HookTheory Lead Sheet Dataset

Updated 29 January 2026

HookTheory Dataset is a curated collection of 18,843 annotated music sections for melody harmonization and structure analysis.
It includes symbolic lead-sheet data, chord symbols, key, mode, and precise timestamps with padded audio excerpts for improved boundary detection.
The dataset, integrated in MuSFA, enhances section labeling and boundary detection metrics across multi-corpus training regimes.

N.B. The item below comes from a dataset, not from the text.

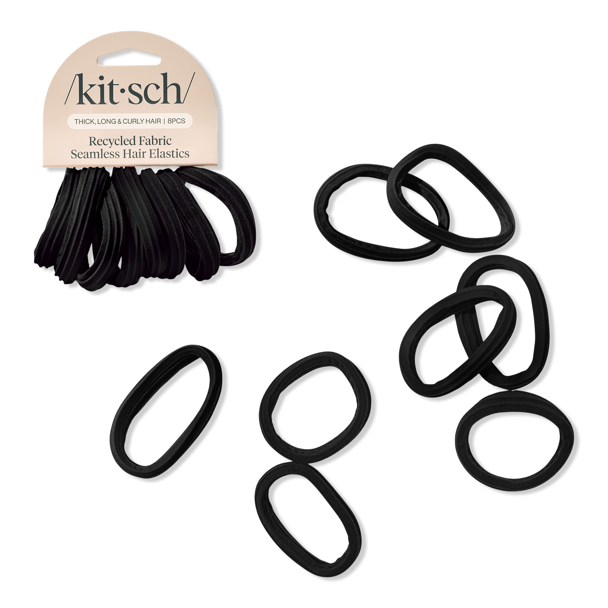 Kitsch Recycled Fabric Seamless Hair Elastics are your everyday styling essential. These elastics tie up your ponytail, bun, or half-up while being gentle on your hair. Experience the slip-free, soft comfort of these versatile black elastics, great for fine, thick, straight, and curly hair!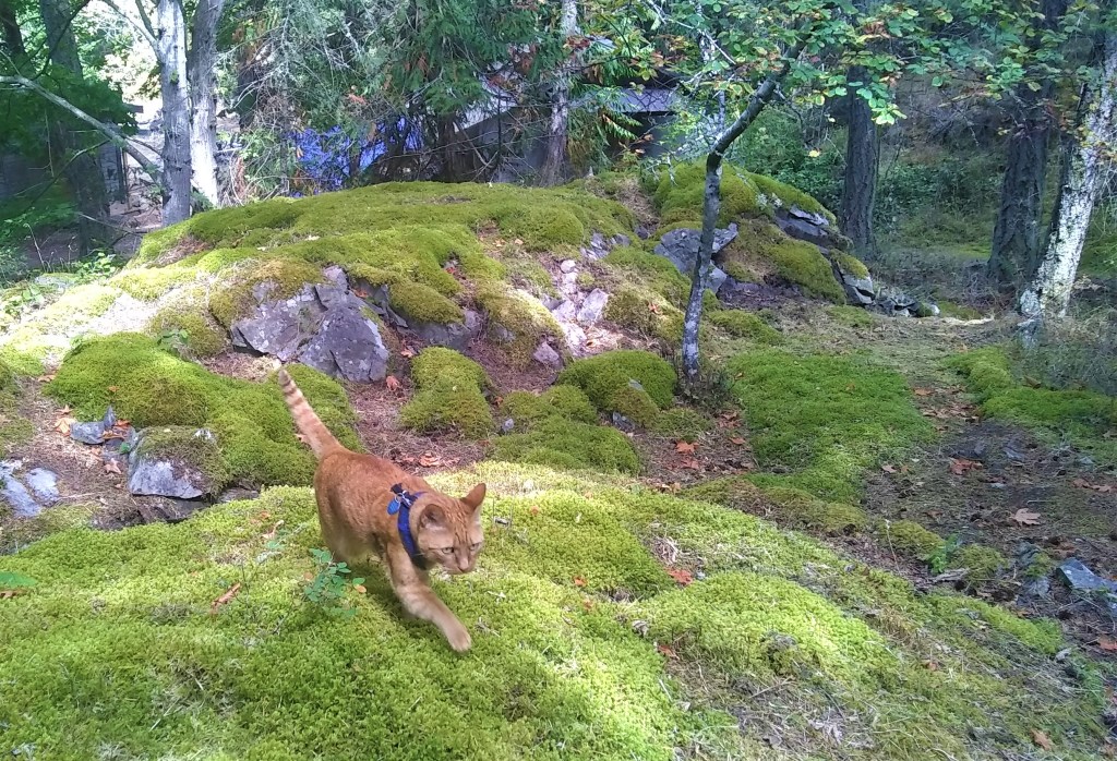 My custom is to bring a lunch up with me, along with a Thermos of hot water. A tiny table holds a variety of teas and instant coffee. As I write, I usually listen to my favorite music-streaming channel. Jackson Browne, Cat Stevens, Bill Withers and other mellow rockers of the 1970s ring out from the nice Polk Audio computer speakers I got for free at the Lopez Island Dump’s Take It-or-Leave-It warehouse. When the weather doesn’t keep her curled up in the cabin, Galley Cat is a regular visitor as I work. I slide open the door whenever I hear her scratch, and she leaps up on to a bookshelf to be rewarded with cat treats. On a warm day, she’ll be in and out every five minutes. (She shirks duties as a mouser, however. I must set traps on occasion.)

The HookTheory Lead Sheet Dataset (HLSD) is a collection of 18,843 annotated music sections originally aggregated by the HookTheory community to facilitate research in automatic melody harmonization. HLSD contains both symbolic lead-sheet data—encompassing melody, chord, key, and mode information—and temporal alignments to commercial audio recordings. Each entry reflects a musically coherent segment, such as a verse or chorus, and is supplied with onset and offset timestamps. The dataset’s structure allows it to be exploited for supervised learning tasks in music structure analysis (MSA), as exemplified by its recent application in the Music Structural Function Analysis (MuSFA) framework, where it informs section labeling and boundary detection directly from audio. HLSD is distributed as open annotation metadata via a public repository, with audio obtained separately due to copyright restrictions (Wang et al., 2022).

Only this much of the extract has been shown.